AULT, RICHARD W. ; BEARD, T. RANDOLPH ; LABAND, DAVID N. 等
RICHARD P. SABA [*]
We demonstrate that universally redeemed rebates can increase
manufacturer profits by reducing the incentives of downstream retailers
to hoard inventories when optimal wholesale prices vary predictably over
time. By bypassing retailers and making direct contracts with buyers,
the manufacturer can increase the variations in effective prices paid by
consumers without concomitantly creating larger incentives for retailers
to hold inventories. During profitable, high-demand periods,
manufacturer revenues are ordinarily constrained by
"competition" from retailer inventories, thus limiting
profits. However, by selectively offering rebates to consumers while
maintaining high wholesale prices, low-demand periods can be
accommodated without inducing retailer hoarding. (JEL D4, L1)
General Motors Corp. is emptying its bag of marketing tricks in an
all-out effort to force its U.S. market share back up to 30% of
light-vehicle sales. That is good news for GM customers, because the
manufacturer is offering financing at less than 1% or cash rebates of as
much as $3,000 a vehicle.
--Wall Street Journal, Sept. 16, 1998
I. INTRODUCTION
We tackle a fundamental economic question: if General Motors or any
manufacturer wants to increase unit sales, why does the necessary price
cut occur indirectly in the form of a rebate? It is well known that in
cases of perfect competition or monopoly a tax (or subsidy) on buyers is
equivalent to the same tax (or subsidy) on sellers in that each leads to
the same net prices and the same equilibrium quantities. A rebate is
effectively a subsidy offered to the buyer, whereas a cut in the
wholesale price is effectively a subsidy to the seller. Under conditions
of perfect competition or monopoly, a manufacturer should be able to
achieve identical outcomes in either of the two ways. The challenge is
to explain why rebates or coupons are used. Redemption of coupons and
rebates is costly to both consumers and issuers, while a price cut of
equivalent size can be implemented at a much lower cost. One would
expect the price reduction strategy to dominate the strategy of issuing
coupons or rebates to all buyers, yet it apparently does not. Throughout
the 1990s, for example, Chrysler, Ford, and General Motors consistently
offered a more extensive array of consumer-oriented indirect price cuts
(via rebates) than dealer incentive programs. [1]
The most common explanation for the use of rebates and coupons is
that they enable either manufacturers or retailers who possess some
monopoly power to engage in third-degree price discrimination. [2]

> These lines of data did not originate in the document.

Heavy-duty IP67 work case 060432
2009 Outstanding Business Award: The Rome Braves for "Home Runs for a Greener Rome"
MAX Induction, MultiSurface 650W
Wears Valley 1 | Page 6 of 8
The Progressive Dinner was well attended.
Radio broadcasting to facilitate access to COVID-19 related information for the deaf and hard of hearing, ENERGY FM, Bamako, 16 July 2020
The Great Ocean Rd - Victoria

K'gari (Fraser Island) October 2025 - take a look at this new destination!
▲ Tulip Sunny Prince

Consumers whose reservation prices lie below the price charged by the
manufacturer or retailer are induced to purchase the item by a
sufficiently large rebate or coupon.
Yet certain aspects of the practice of offering coupons and rebates
are inconsistent with the standard price discrimination explanation.

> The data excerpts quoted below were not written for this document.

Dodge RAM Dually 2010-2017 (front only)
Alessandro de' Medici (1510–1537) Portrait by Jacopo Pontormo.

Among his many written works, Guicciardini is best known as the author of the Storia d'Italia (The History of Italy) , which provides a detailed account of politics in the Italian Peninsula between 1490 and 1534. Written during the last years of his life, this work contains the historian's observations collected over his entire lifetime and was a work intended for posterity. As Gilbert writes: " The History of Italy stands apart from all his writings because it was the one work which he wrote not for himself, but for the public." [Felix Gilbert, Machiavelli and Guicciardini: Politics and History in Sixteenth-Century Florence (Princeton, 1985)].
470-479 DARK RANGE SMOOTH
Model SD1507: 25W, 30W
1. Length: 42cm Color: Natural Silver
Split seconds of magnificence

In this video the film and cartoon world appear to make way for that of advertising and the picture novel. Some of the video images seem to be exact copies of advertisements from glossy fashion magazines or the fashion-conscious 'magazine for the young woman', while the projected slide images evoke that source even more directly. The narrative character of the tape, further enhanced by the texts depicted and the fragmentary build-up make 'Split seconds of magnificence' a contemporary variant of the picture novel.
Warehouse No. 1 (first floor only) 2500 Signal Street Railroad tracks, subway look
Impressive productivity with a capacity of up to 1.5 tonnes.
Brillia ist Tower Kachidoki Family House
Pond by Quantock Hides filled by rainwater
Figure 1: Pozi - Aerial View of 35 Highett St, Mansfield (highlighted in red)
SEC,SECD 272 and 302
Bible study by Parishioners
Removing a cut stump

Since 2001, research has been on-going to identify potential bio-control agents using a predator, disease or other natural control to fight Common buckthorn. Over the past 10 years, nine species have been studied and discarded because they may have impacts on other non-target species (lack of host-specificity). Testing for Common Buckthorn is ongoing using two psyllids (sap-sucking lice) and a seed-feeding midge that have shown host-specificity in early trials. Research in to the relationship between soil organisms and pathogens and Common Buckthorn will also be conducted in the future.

Rebates often are given automatically to all customers at the time of
purchase. Purchasers of automobiles and other big-ticket items are given
the option of applying the rebate to their down payment or receiving the
cash. As noted by Hanley [1987] and Higgins [1989], sellers of less
costly items recenfly have started providing "instant" rebates
or on-package coupons, which can easily be used by all buyers at the
time of purchase. These innovations have dramatically lowered redemption
costs for consumers and boosted redemption rates. [3] Moreover, Bowman
[1980] demonstrates that, holding redemption costs constant, there is a
positive relationship between the size of the coupon/rebate and the
likelihood of consumer redemption. The implication of this empirical
regularity is expressed succinctly by Gerstner and Hess [1991b,p. 5]:
"While price discrimination is a reasonable exp lanation for
cents-off coupons, for dollars-off rebates such as those given by
manufacturers of household appliances it is not. Most consumers are
likely to redeem these large rebates."
Gerstner and Hess [1991a, 1991b, 1995] have developed a model in
which rebates enhance manufacturer profits even with 100% redemption.
They assume two groups of buyers with different reservation prices and
different redemption costs. This implies that a $1 reduction in the
wholesale price is not equivalent to a $1 rebate offered to all buyers.

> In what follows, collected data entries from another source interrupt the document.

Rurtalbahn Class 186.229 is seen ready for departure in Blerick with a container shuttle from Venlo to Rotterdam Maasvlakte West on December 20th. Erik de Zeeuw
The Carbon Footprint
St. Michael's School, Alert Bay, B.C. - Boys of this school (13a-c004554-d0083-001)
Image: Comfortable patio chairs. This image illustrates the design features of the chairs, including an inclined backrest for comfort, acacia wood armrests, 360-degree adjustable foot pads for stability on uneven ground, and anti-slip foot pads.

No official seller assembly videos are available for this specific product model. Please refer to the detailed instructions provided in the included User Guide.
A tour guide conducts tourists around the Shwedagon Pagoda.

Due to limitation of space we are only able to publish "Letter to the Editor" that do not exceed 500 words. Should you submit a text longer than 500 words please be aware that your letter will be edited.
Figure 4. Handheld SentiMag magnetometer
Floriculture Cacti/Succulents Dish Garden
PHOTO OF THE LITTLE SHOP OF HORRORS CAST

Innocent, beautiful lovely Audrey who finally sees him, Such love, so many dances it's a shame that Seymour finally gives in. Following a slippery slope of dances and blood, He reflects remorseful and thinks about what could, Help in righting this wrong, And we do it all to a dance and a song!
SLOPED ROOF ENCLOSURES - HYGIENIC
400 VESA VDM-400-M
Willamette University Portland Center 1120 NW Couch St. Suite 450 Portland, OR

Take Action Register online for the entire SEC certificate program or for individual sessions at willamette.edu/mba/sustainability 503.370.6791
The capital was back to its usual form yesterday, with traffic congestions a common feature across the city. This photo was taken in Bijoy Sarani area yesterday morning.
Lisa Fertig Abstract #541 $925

A sufficient increase in the proportion of low-price buyers can make it
profitable for the manufacturer to offer a coupon or rebate but not to
offer an equal reduction in the wholesale price. [4] Moreover, when a
product is distributed through a single, independent retailer, a trade
deal may not be fully passed on to consumers, whereas a
manufacturer-to-consumer rebate or coupon is fully passed.
In this article we present an economic theory of rebating that is
similar to the Gerstner and Hess model in that it assumes 100%
redemption by consumers. Unlike previous analyses, however, we suggest
that rebates and coupons can be used to support intertemporal price
discrimination by reducing inventory hoarding by retailers. When demand
fluctuates so that optimal wholesale prices vary over time, retailers
may have an incentive to accumulate inventory during low-price periods
for disposal when business conditions (and prices) improve. [5] The
strategic use of rebates and coupons, which are price cuts available
only to final consumers, can increase manufacturer profits by reducing
retailer incentives to undermine the effectiveness of wholesale price
discrimination. Rebates and coupons thus have a dynamic function that
cannot be duplicated by trade deals.
We introduce our formal model in section II. In section III we
offer several complications and extensions of the model, none of which
overturn our general results. In section IV we present preliminary
empirical evidence on rebating activity that is inconsistent with the
price discrimination explanation but fully consistent with our theory.
Concluding comments round out our presentation.
II. MODELS OF REBATES
Universal rebates can increase manufacturer profits by reducing the
incentives of downstream retailers to hoard inventories when optimal
wholesale prices vary over time in a predictable manner. By bypassing
the retailers and making direct contracts with buyers, the manufacturer
is able to increase the variations in effective prices paid by consumers
without concomitantly creating larger incentives for retailers to hold
inventories. During profitable, high-demand periods, manufacturer
revenues are ordinarily constrained by "competition" from
retailer inventories, thus limiting profits. However, by selectively
offering rebates to consumers while maintaining high wholesale prices,
lowdemand periods can be accommodated without inducing retailer
hoarding.
In this section we present a model that illustrates the
rebate/inventory mechanism. In all of our analyses, we maintain the
following:
* First, we assume that all retailers in our models are price
takers in the wholesale market. This assumption rules out strategic
stockpiling and/or monopsonistic behavior by retailers, which, though
interesting, is not the focus of this paper.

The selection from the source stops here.